But I do have a claim to having experienced more places and cultures than most people will ever see. Human knowledge consists not only of libraries of parchment and ink - it is also comprised of the volumes of knowledge that are written on the human heart, chiselled on the human soul, and engraved on the human psyche. And friends, I have encountered so much in this relatively short life of mine that I still cannot believe I am only 42. I often tell Shmuley that in soul years I'm sure that I'm at least 80 - and tonight I even walk like I'm 80! So please harken to my message, because what I have to tell you tonight can bring healing to humanity and healing to our planet.

Through the grace of God, I have been fortunate to have achieved many of my artistic and professional aspirations realised early in my lifetime. But these, friends are accomplishments, and accomplishments alone are not synonymous with who I am. Indeed, the cheery five-year-old who belted out Rockin' Robin and Ben to adoring crowds was not indicative of the boy behind the smile.
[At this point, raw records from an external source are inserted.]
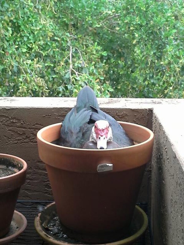 Когда они чуточку подросли, мать решила "переехать", и увела детей из горшка в другое место. Наверняка, утка очень благодарна людям за то, что её приняли, и все её малыши благополучно вылупились в безопасном месте. Не просто так мать выбрала именно этот горшок. Вот такая чудесная история!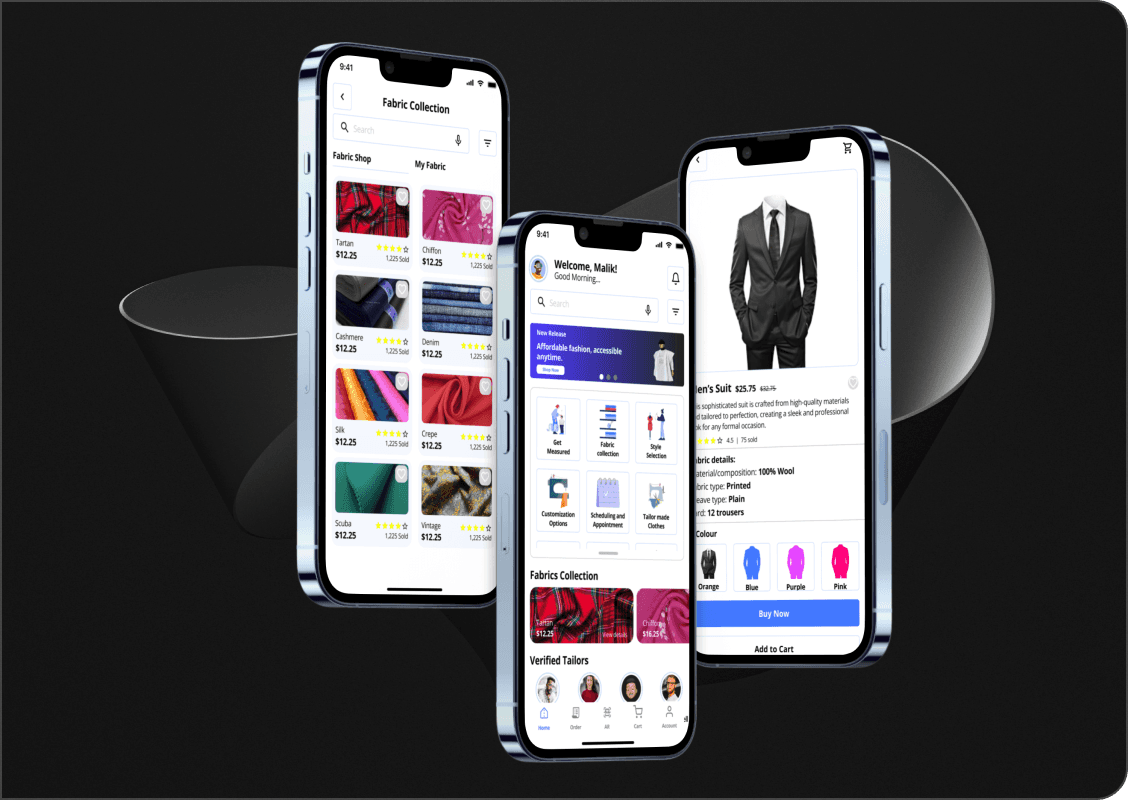 //////// I design this personal project in order to allows customers to order and receive tailored clothes from the comfort of their homes. The app streamlines the ordering process, and delivery is made to the customer's doorstep.
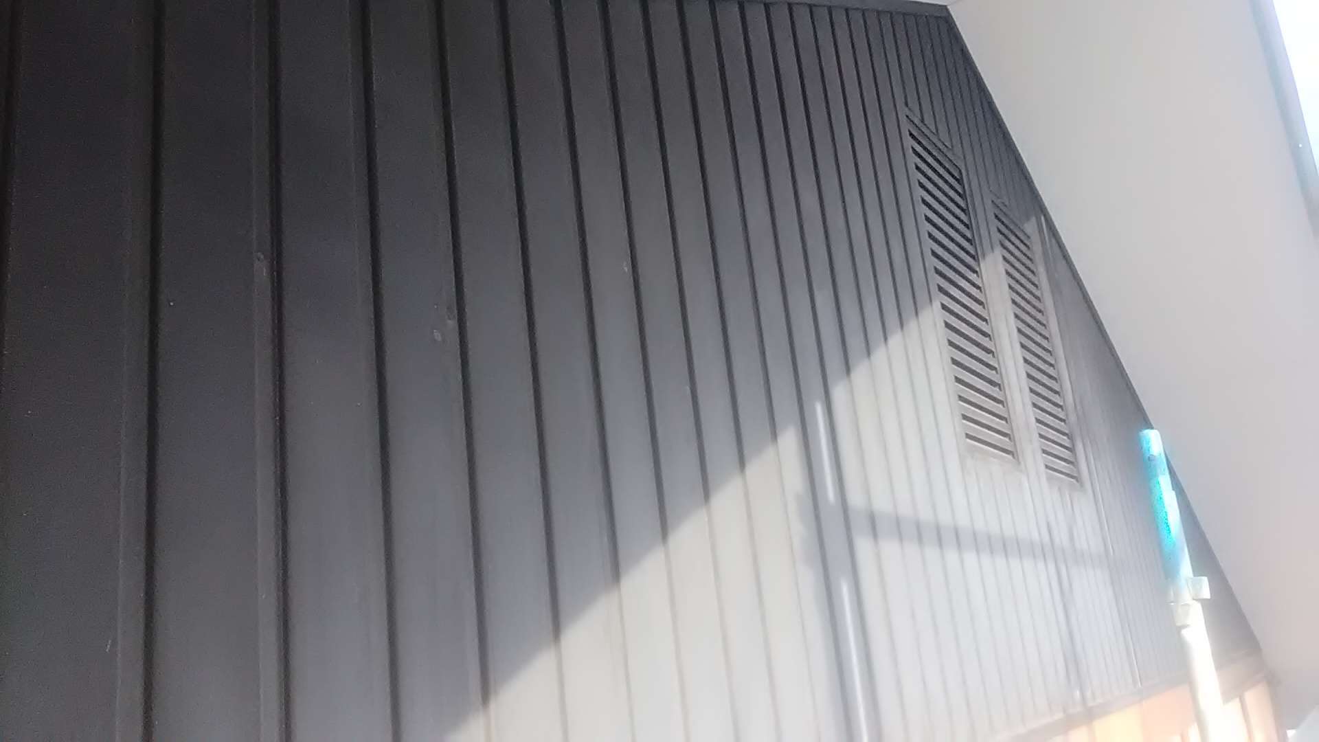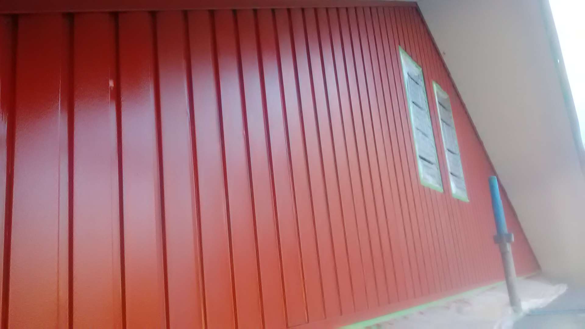 昨日までの作業は、養生作業、屋根中塗り作業、錆止め塗装作業を行っています。
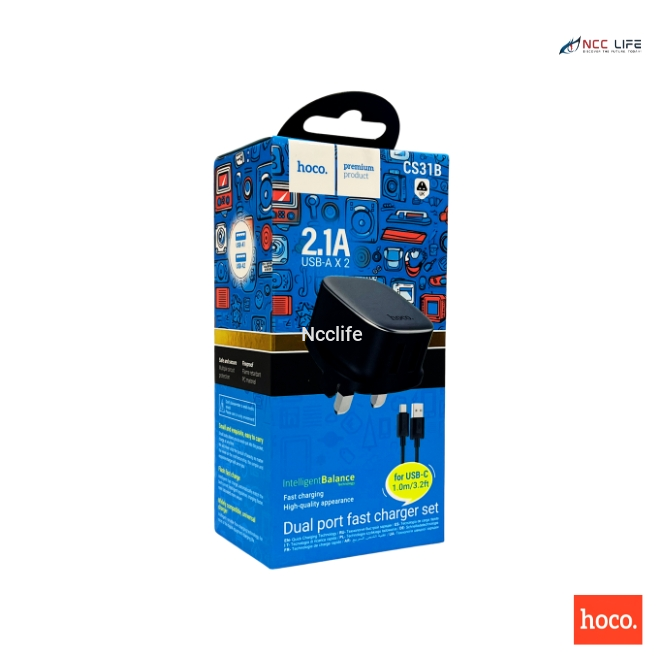 The Hoco CS31B Dual Port Fast Charger is designed to keep your devices charged efficiently. This compact and reliable charger features dual USB-A ports for simultaneous charging of multiple devices. With universal compatibility, it supports tablets, wireless headphones, smartphones, and other 5V-charged devices, making it a versatile addition to your charging accessories.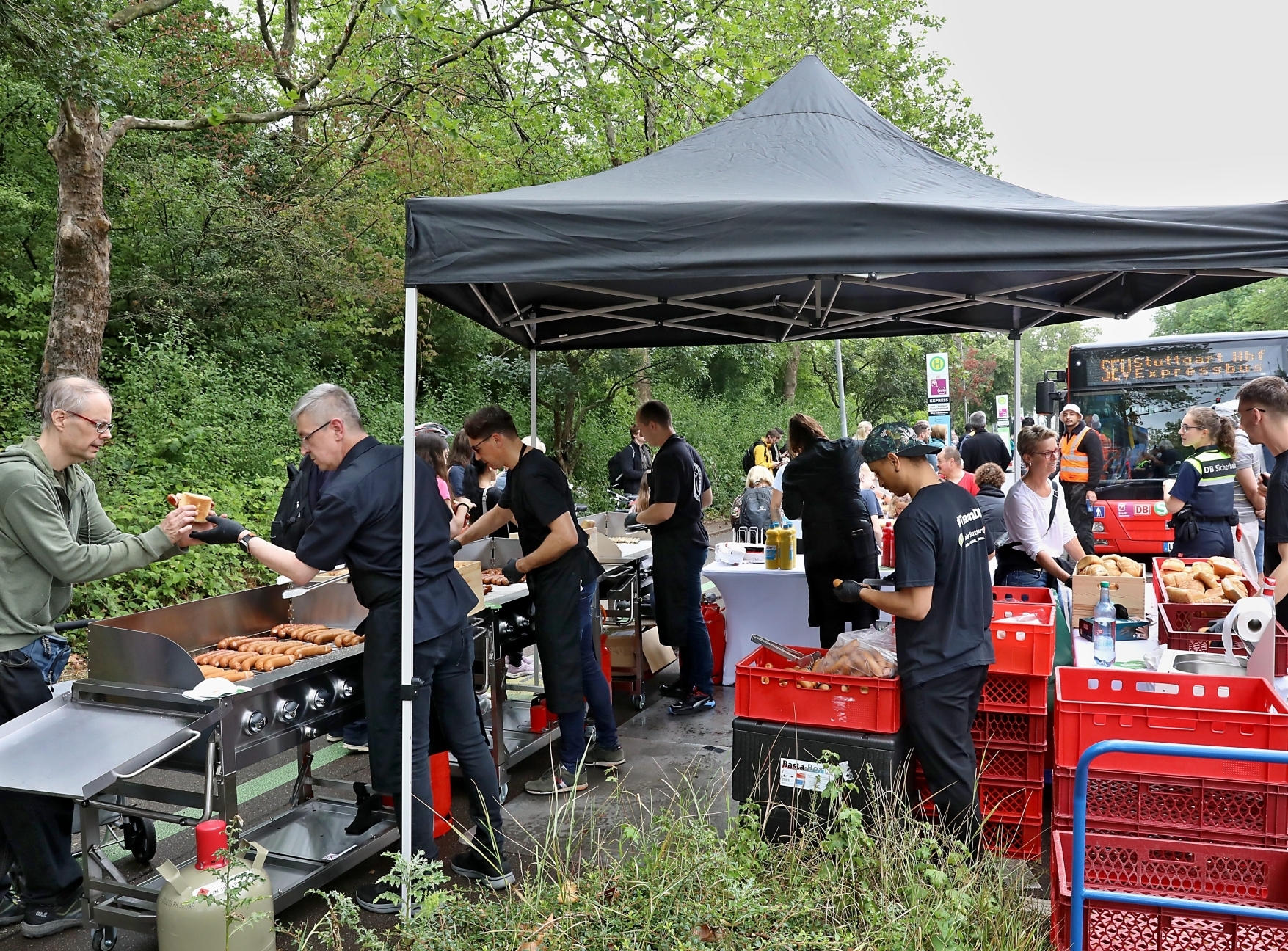 Ach du grüne Neune, um 11 Uhr soll’s losgehen: Eine Viertelstunde vorher stehen schon zwölf Leute in Reihe vor der Grillstation bei der Ersatzbus-Haltestelle in der
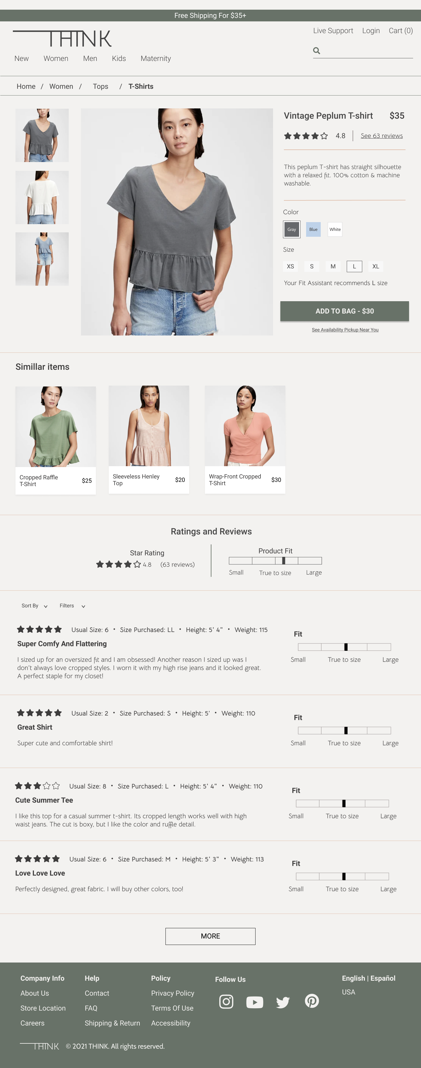 After some usability testings, I finalized the hi-fi prototype as below. All participants could complete a main task (add a peplum T-shirt to a shopping bag).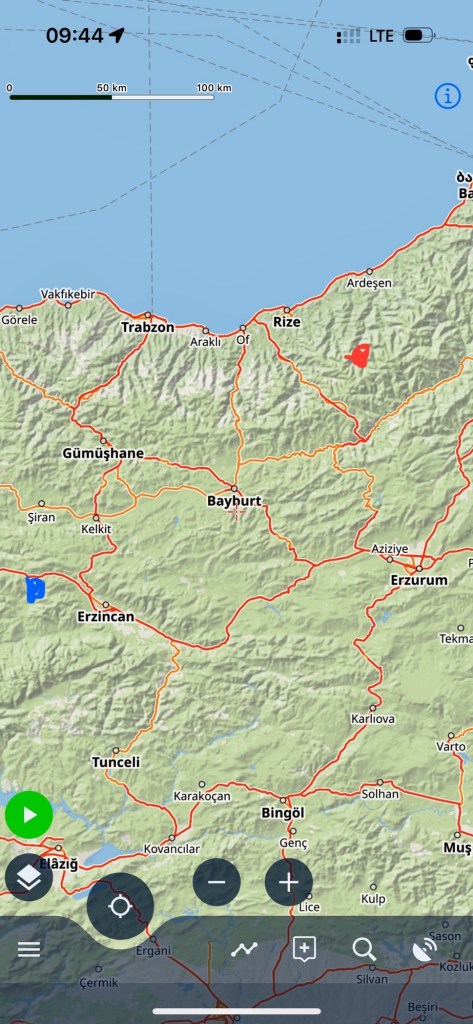 Ich schaue auf der Karte, wie wir denn am besten dorthin kommen. Wir sind irgendwo da, wo ich den roten Punkt auf der Karte eingezeichnet habe und wollen zum blauen Punkt. Für mich also der logische Weg. Das Firtina Deresi Tal nach Ardesen zurück raus (da gibt’s eh keine andere Möglichkeit) und dann von Of über Bayburt und Kelkit Richtung Erzincan. Lauter große Straßen, von Of nach Bayburt geht die D 915, die zwar über den Beggpaß auch in etlichen Kehren verläuft, aber was soll schon sein, bei einer gut ausgebauten Hauptverkehrsroute. So dachte ich zumindest, als ich die Karte studiert hab. Das sollte sich noch als Fehler herausstellen!

Tonight, I come before you less as an icon of pop (whatever that means anyway), and more as an icon of a generation, a generation that no longer knows what it means to be children.

All of us are products of our childhood. But I am the product of a lack of a childhood, an absence of that precious and wondrous age when we frolic playfully without a care in the world, basking in the adoration of parents and relatives, where our biggest concern is studying for that big spelling test come Monday morning.

Those of you who are familiar with the Jackson Five know that I began performing at the tender age of five and that ever since then, I haven't stopped dancing or singing. But while performing and making music undoubtedly remain as some of my greatest joys, when I was young I wanted more than anything else to be a typical little boy. I wanted to build tree houses, have water balloon fights, and play hide and seek with my friends. But fate had it otherwise and all I could do was envy the laughter and playtime that seemed to be going on all around me.

There was no respite from my professional life. But on Sundays I would go Pioneering, the term used for the missionary work that Jehovah's Witnesses do. And it was then that I was able to see the magic of other people's childhood.

Since I was already a celebrity, I would have to don a disguise of fat suit, wig, beard and glasses and we would spend the day in the suburbs of Southern California, going door-to-door or making the rounds of shopping malls, distributing our Watchtower magazine. I loved to set foot in all those regular suburban houses and catch sight of the shag rugs and La-Z-Boy armchairs with kids playing Monopoly and grandmas baby-sitting and all those wonderful, ordinary and starry scenes of everyday life. Many, I know, would argue that these things seem like no big deal. But to me they were mesmerising.

I used to think that I was unique in feeling that I was without a childhood. I believed that indeed there were only a handful with whom I could share those feelings. When I recently met with Shirley Temple Black, the great child star of the 1930s and 40s, we said nothing to each other at first, we simply cried together, for she could share a pain with me that only others like my close friends Elizabeth Taylor and McCauley Culkin know.

I do not tell you this to gain your sympathy but to impress upon you my first important point : It is not just Hollywood child stars that have suffered from a non-existent childhood. Today, it's a universal calamity, a global catastrophe. Childhood has become the great casualty of modern-day living. All around us we are producing scores of kids who have not had the joy, who have not been accorded the right, who have not been allowed the freedom, or knowing what it's like to be a kid.

Today children are constantly encouraged to grow up faster, as if this period known as childhood is a burdensome stage, to be endured and ushered through, as swiftly as possible. And on that subject, I am certainly one of the world's greatest experts.

Ours is a generation that has witnessed the abrogation of the parent-child covenant. Psychologists are publishing libraries of books detailing the destructive effects of denying one's children the unconditional love that is so necessary to the healthy development of their minds and character. And because of all the neglect, too many of our kids have, essentially, to raise themselves. They are growing more distant from their parents, grandparents and other family members, as all around us the indestructible bond that once glued together the generations, unravels.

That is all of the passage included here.